Si quieres la paz, enseña la paz


Obra de Jorge Rubert
La paz puede definirse como el cese de un conflicto, el fin de una guerra, o la ausencia de dilemas desgarradores en el alma de un sujeto. El diccionario de la RAE la define en su primera acepción como una «situación en la que no existe lucha armada en un país o entre países». La segunda acepción nos recuerda que la paz es una «relación de armonía entre las personas, sin enfrentamientos ni confictos». Y la tercera la vincula con un «acuerdo alcanzado entre las naciones por el que se pone fin a una guerra». En su ensayo El problema de la guerra y las vías de la paz, el filósofo político Noberto Bobbio resalta que la paz se define siempre orbitando en torno a la guerra, idea que como acabamos de ver refrenda el diccionario de la Real Academia. Sin embargo, esto no ocurre en la dirección contraria. La guerra no necesita indefectiblemente apelar a su antagonismo para que podamos desentrañar en qué consiste. Todos conocemos el célebre adagio en el que se nos aconseja que si quieres la paz, prepara la guerra. Se puede afirmar también que si quieres definir la paz tendrás que citar inexorablemente la guerra. Esta relación asimétrica que vive la definición de la paz con respecto a la de la guerra testimonia que la confrontación bélica es un hecho acreedor de mucha más centralidad en nuestro argumentario. Es triste, pero alberga más preeminencia a la hora de evaluarnos como especie.

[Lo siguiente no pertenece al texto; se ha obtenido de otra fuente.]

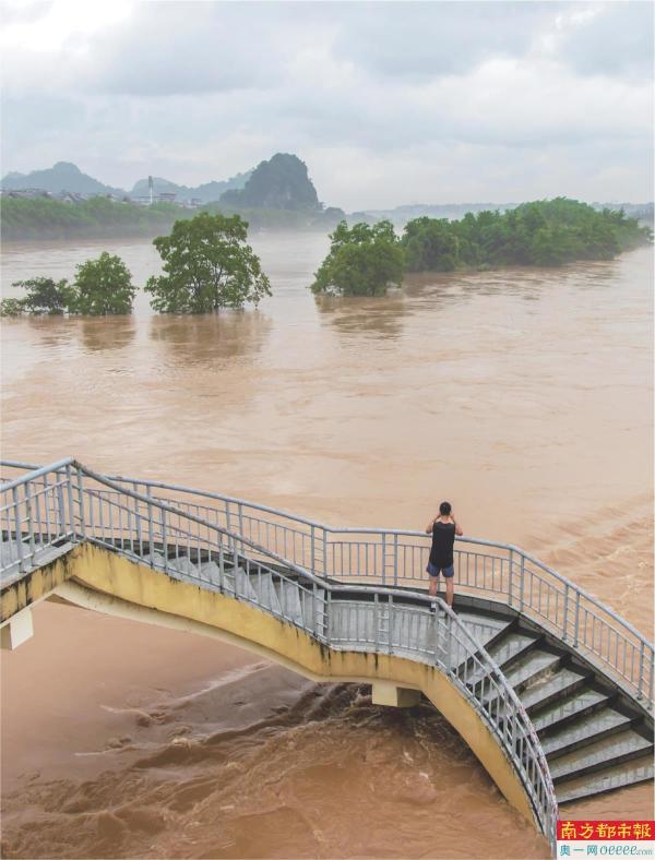 6月18日,受强降雨影响,广西桂林漓江水位暴涨,漓江属珠江流域西江水系。昨日桂林遭遇1998年以来最大洪水。 IC供图

Hace unas semanas le leí a un antropólogo que no existe constatación de guerras tremebundas en los periodos anteriores al neolítico. Pudieron existir conflictos puntuales en el paleolítico y en el mesolítico, pero no matanzas multitudinarias. Nuestros ancestros trashumantes no padecían excesivos contratiempos para sobrevivir, la dadivosa naturaleza les regalaba abundante alimento y por tanto amortiguaba sobremanera el riesgo de que otros desearan arrebatárselo. Más allá de esa subsistencia fácilmente garantizada, no había motivos para forcejeos mortales. La guerra y la agresión, tal y como el estándar las reconoce hoy, brotaron con el descubrimiento de la agricultura y la ganadería. Este nuevo decorado trajo conexada la necesaria organización de unos asentamientos inéditos para el ser humano en su anterior condición de nómada cazador/recolector. Inopinadamente hubo que articular el tiempo y las tareas, imponer normas colectivas, diseñar el reparto vinculante de recursos, distribuir propiedades, repartir responsabilidades. Surgieron las jerarquías verticales, los liderazgos, el despotismo, las órdenes, las sanciones, los castigos, las disidencias, la fricción, la subyugación, el servilismo, el hostigamiento, la depredación, la feudalización de los espacios, el poder en su sentido más abyecto. Bienvenidos al mundo del conflicto social. Bienvenidos al nacimiento del ego que necesita reafirmarse sojuzgando a otros egos. Cualquiera que haya leído la didáctica novela El señor de las moscas se hará una rápida idea de qué problemas afloran cuando a dos o más egos les da por competir.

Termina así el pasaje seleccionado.